// Blog

Categories and Keywords and Topics, have I

Originally published on the Clarify.io blog. View archived copy.

StarWarsMoviePoster1977When you get a piece of media, there are a ton of things you can learn about it. In honor of next Friday, let’s consider “Star Wars: A New Hope.

There are descriptive aspects such as the cast, release date, director, and producer.

There are technical aspects such as duration, media encoding, color palette, and bitrate.

While that’s all useful information, it doesn’t get to the most important information of all:

What is Star Wars about?

This one is more complex. Basically, we need to understand the story so we need to understand who said what and when. More importantly, we need to understand how those words fit together with everything else in context.

First, let’s start with the first and easiest aspect: keywords.

At the simplest level, keywords are the most frequently said words, excluding certain “stop words” like articles of speech. The stop words are excluded because they’re so common as to appear everywhere and they rarely add understanding or context to the data. From these most frequently said words, you can often determine what the media is about but – at minimum – it gives you useful things to search for.

For Star Wars, our keywords include:

kenobi, jedi, ship, imperial, station, rebels, transmissions

These words are descriptive but don’t tell us anything useful about the story. Unfortunately, that makes sense. In movies, the characters are having conversations and moving the story forward, not necessarily explaining everything to the viewers. On the other hand, news broadcasts are great for keywords.

Next, let’s dig deeper with topics.

Topics are a little more complex. While keywords are what you say, topics are what you’re talking about or how things fit together into larger subjects. For example, if your media mentions tires, windshields, and turn signals, the overarching topic is likely “cars.”

For Star Wars, our topics include:

political, leader, force, attack, government, killed

Wow. That’s dark.

At first glance, are we still talking about a movie with a wookie, light sabers, blasters, and.. oh, a rebellion. And the Emperor disbanding the Galactic Senate. And a princess directing an attack against a battle station. It’s all political. And it’s called Star Wars for a reason.

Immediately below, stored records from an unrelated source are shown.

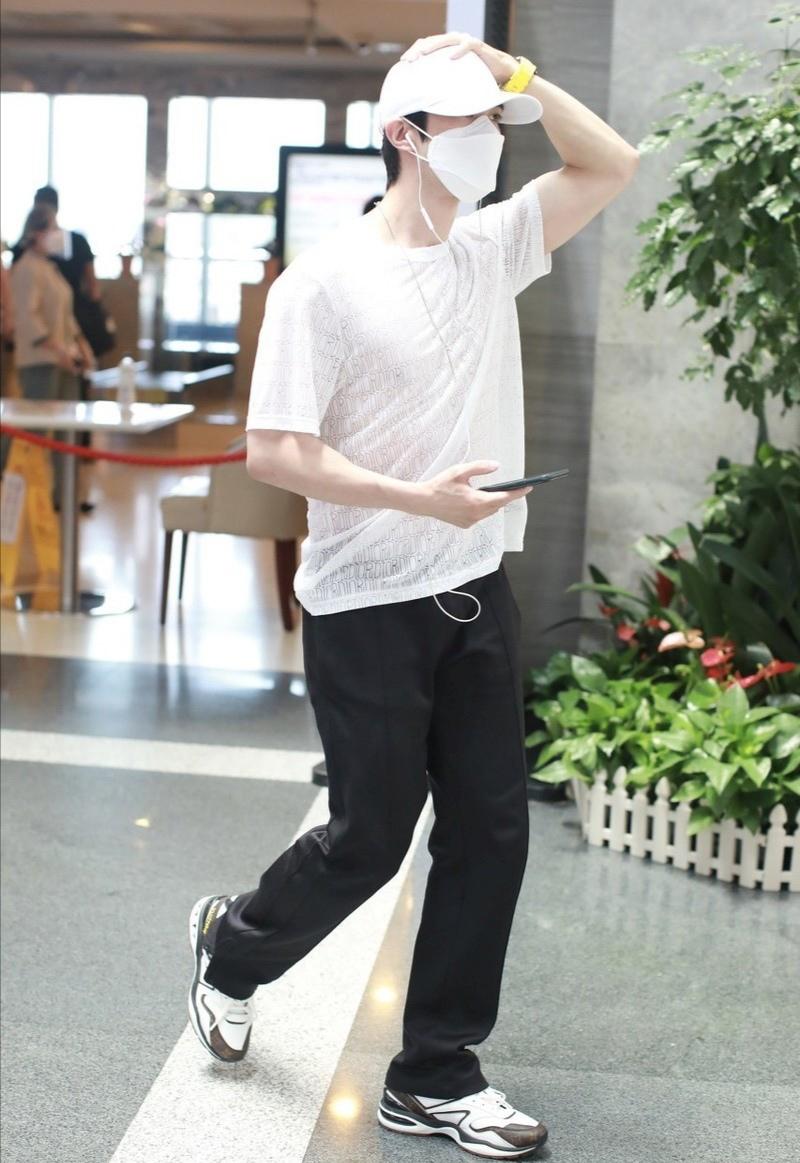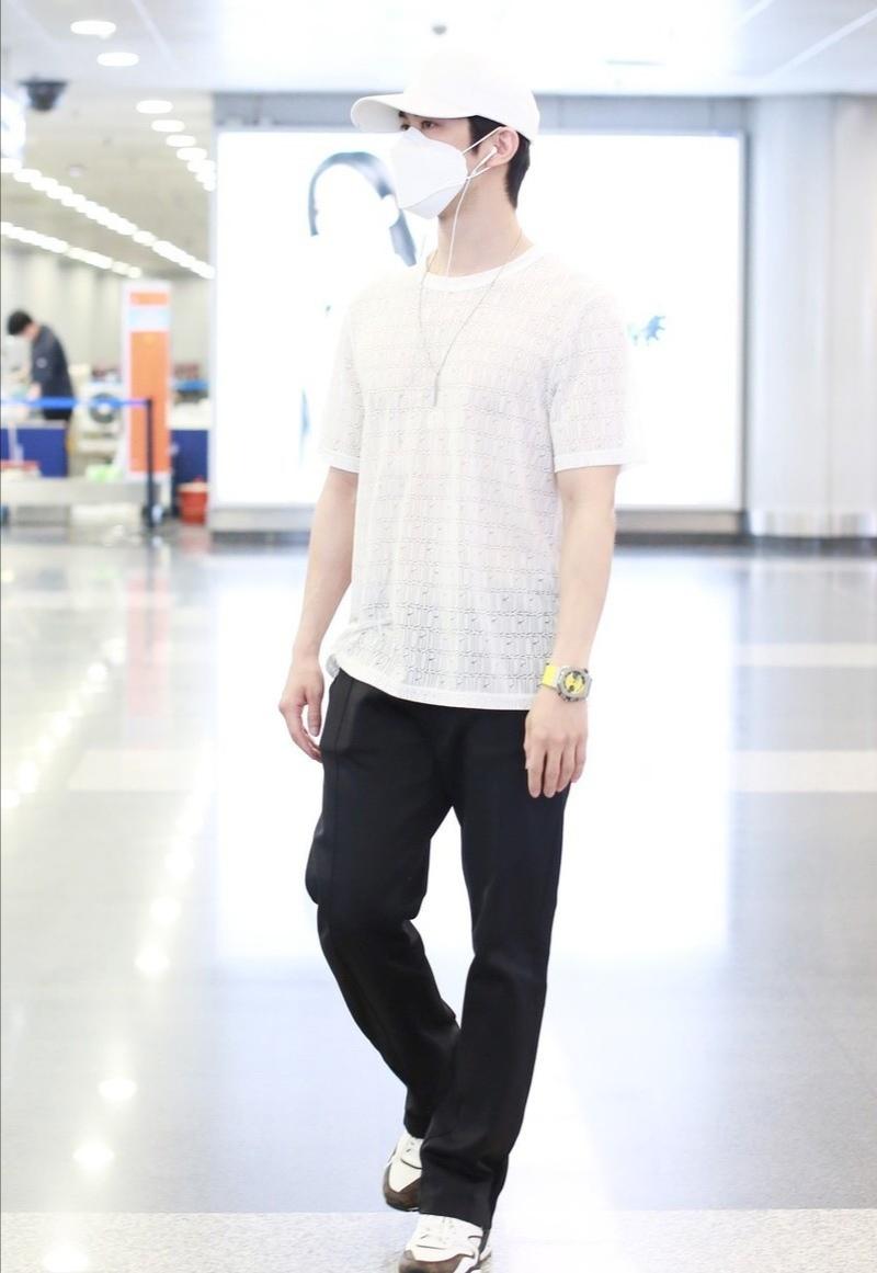 This short sleeve with hollow letters has dense hollow patterns, so you can vaguely see his muscle lines. It can be seen that Li Zhiting is still very self-disciplined in his daily life, and his fitness results are good. Many artists in the industry are very keen on fitness, not only to look better on camera, but also to have a healthy body.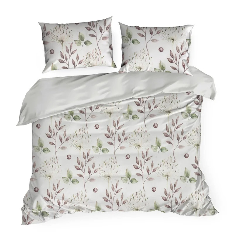 Sonia patalynės komplektas pagamintas iš aukštos kokybės medvilnės audinio , malonus liesti ir orinis . Patalynės privalumas - jos patvarumas ir lengvumas, taip pat puikus terminis komfortas . Medžiaga maloniai apgaubia kūną, užtikrindama visos nakties poilsį. Šiuolaikinės dažymo ir spausdinimo technologijos leidžia išlaikyti ilgalaikę spalvą ir spalvų sodrumą, nepaisant pakartotinių skalbimų. Dvipusis komplektas išsiskiria moderniu spaudiniu, vaizduojančiu augalų motyvą baltame fone, o apatinė patalynės pusė yra vientisa.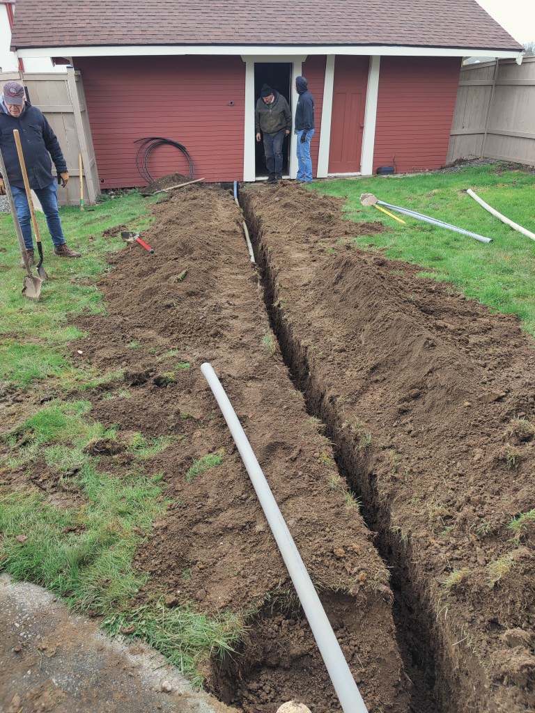 Almost three years after they (under the leadership of Jack King) straightened the garage for the Ellis St. house to keep it from collapsing, the Knights of Columbus were on Saturday to run electricity to that same garage. It involved digging a giant trench through my back yard. Thank you to Bob Grasher for his leadership and to everyone who showed up to help him!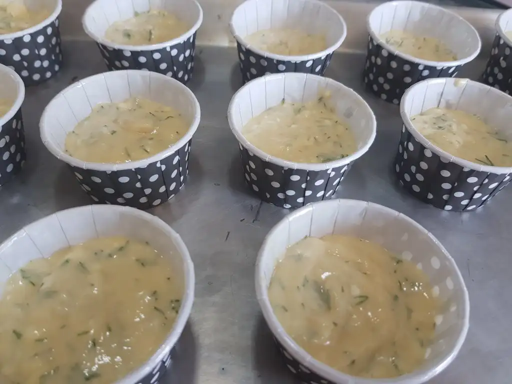 Muffin kağıtlarının içine 1,5 yemek kaşığı kadar hamurdan koyalım (12 muffin kasesine eşit dağıtalım.)
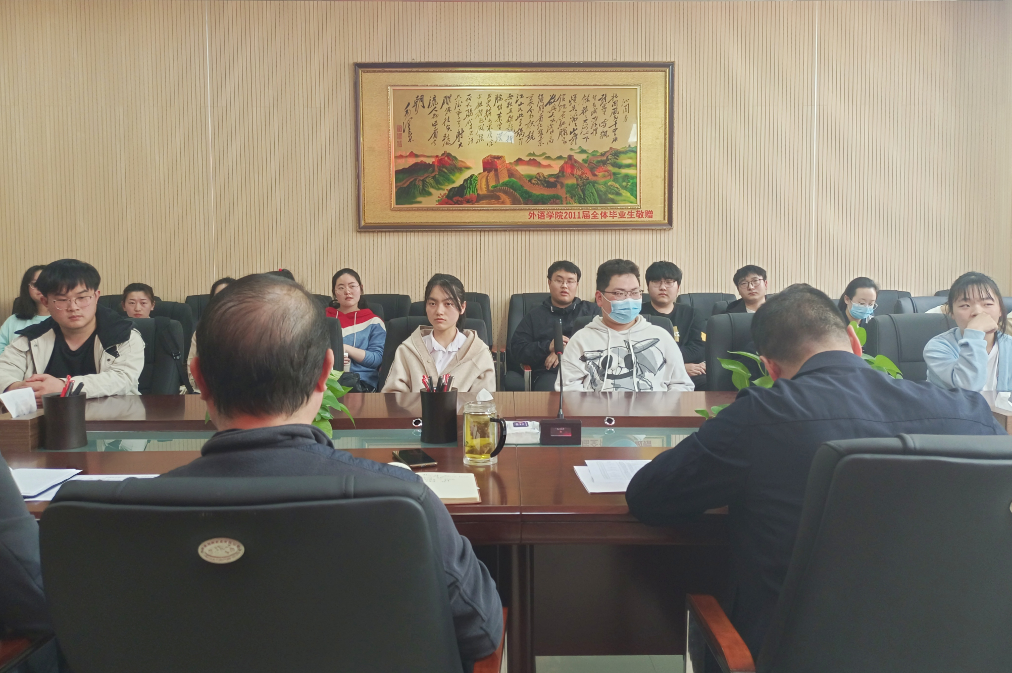 与会老师认真倾听,仔细记录,分别就学习、考研、就业、考公等方面遇到的问题和困惑做答疑解惑,并指出会高度重视同学们提出的问题,将好的建议纳入到学院的发展和建设中去。邓振营指出毕业生们要勇于展示自我,学会选择,并为自己的选择坚持到底。张卫东嘱咐毕业生们在求职过程中一定要擦亮眼睛,保护好人身财产安全。最后,王启佩寄语全体毕业生要做到知行合一,将理论知识充分运用到实践中,学真知、做真人,身正律己,力争上游,抓住展示自我的时机,以积极向上的姿态应对未来的挑战。至此,会议圆满结束。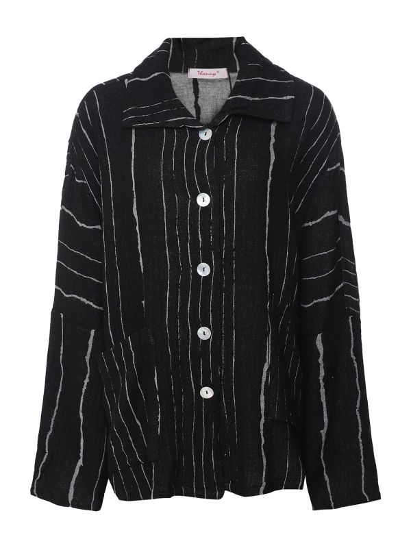 The Thanny striped shirt is a staple piece suitable for year-long wear. Crafted from a viscose-wool blend, the shirt has a crinkle effect with all-over contrast grey stripes. It features a wide, oversized collar, perfect for an underlayer below jumpers and sweaters. It fastens with large shimmery buttons and is complete with two front pockets.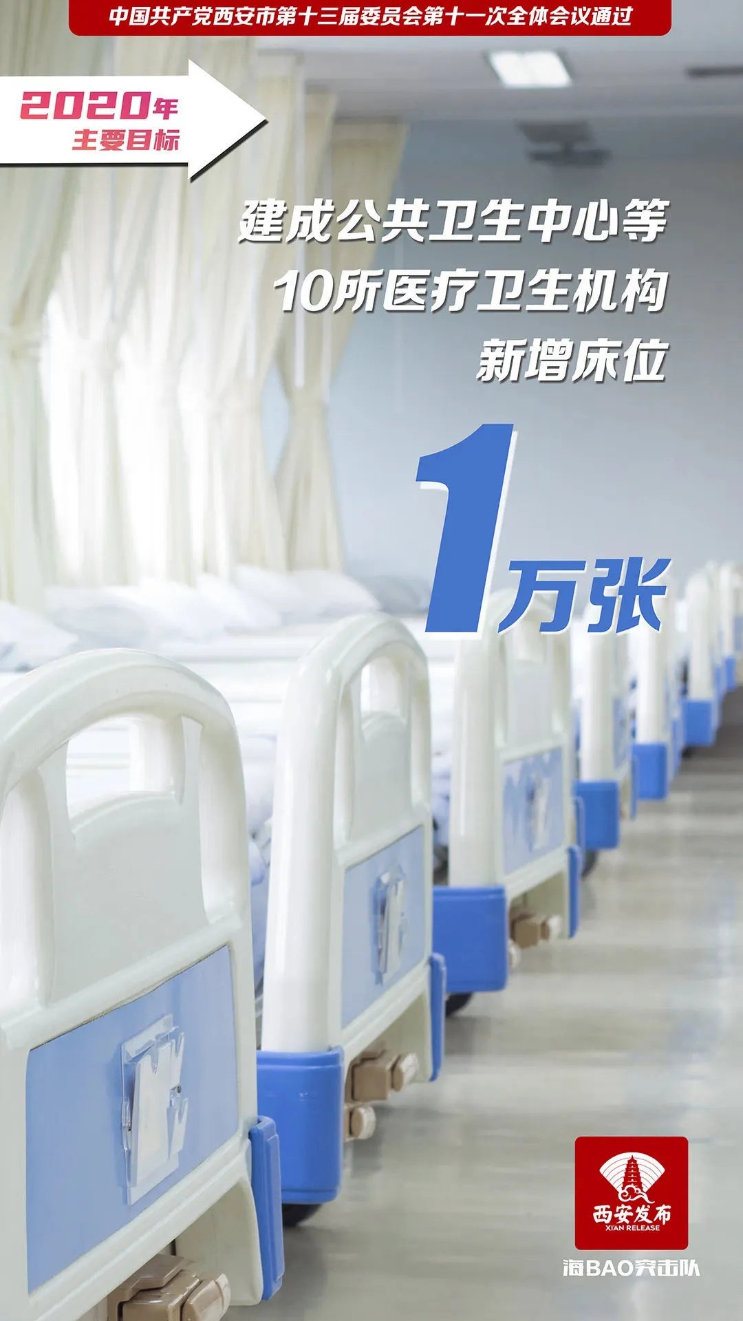 5月14日,中共西安市委十三届十一次全会举行,全会审议通过的《中共西安市委关于深入学习贯彻习近平总书记来陕考察重要讲话奋力谱写西安新时代追赶超越新篇章的决定》指出,要全面落实习近平总书记关于“加强民生保障和社会建设”的重大要求,不断增强人民群众获得感幸福感安全感,建设多层次社保体系,提升公共卫生服务能力。2020年,要加快建设国家区域医疗中心,建成公共卫生中心等10所医疗卫生机构、新增床位1万张。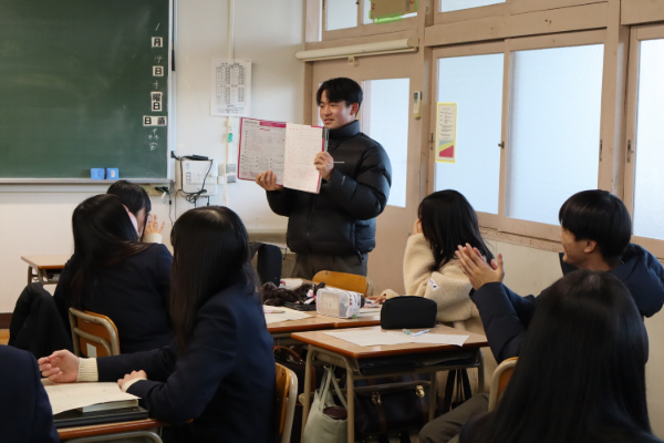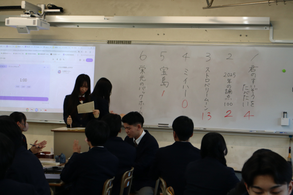 図書LHR「ビブリオ・バトル」 図書委員会 2026.01.16 各学年各クラスのLHRで図書委員を中心にビブリオバトルを行いました。ビブリオバトルとは、おすすめの本を持ち寄り、紹介し合い、参加者全員で「一番読みたくなった本(チャンプ本)」を投票で決めるコミュニケーションゲームです。 各クラスで5人程度のグループを作り、紹介をしあい、その後、各クラスのチャンプ本を決めました。各クラスのチャンプ本を図書委員会のたより等で紹介しますのでお楽しみに。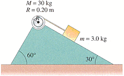 A cord connected at one end to a block which can slide on an inclined plane has its other end wrapped around a cylinder resting in a depression at the top of the plane as shown in the figure. Determine the speed of the block after it has traveled 1.70 m along the plane, starting from rest for the following circumstances.

In that context, the topics start to make sense and be more useful. At a practical level, we can use this information to start grouping movies into specific themes and similar concepts.

Caveat: Where it includes “force,” we don’t identify if that is The Force or the use of force.

Finally, let’s look at categories.

Categories are the most abstract but can be the most descriptive of all. Generally you would use these for high level grouping in a more formal sense. Where topics might be tags for your content, these would be a more scientific or literary classification: think Dewey Decimal instead of tag cloud.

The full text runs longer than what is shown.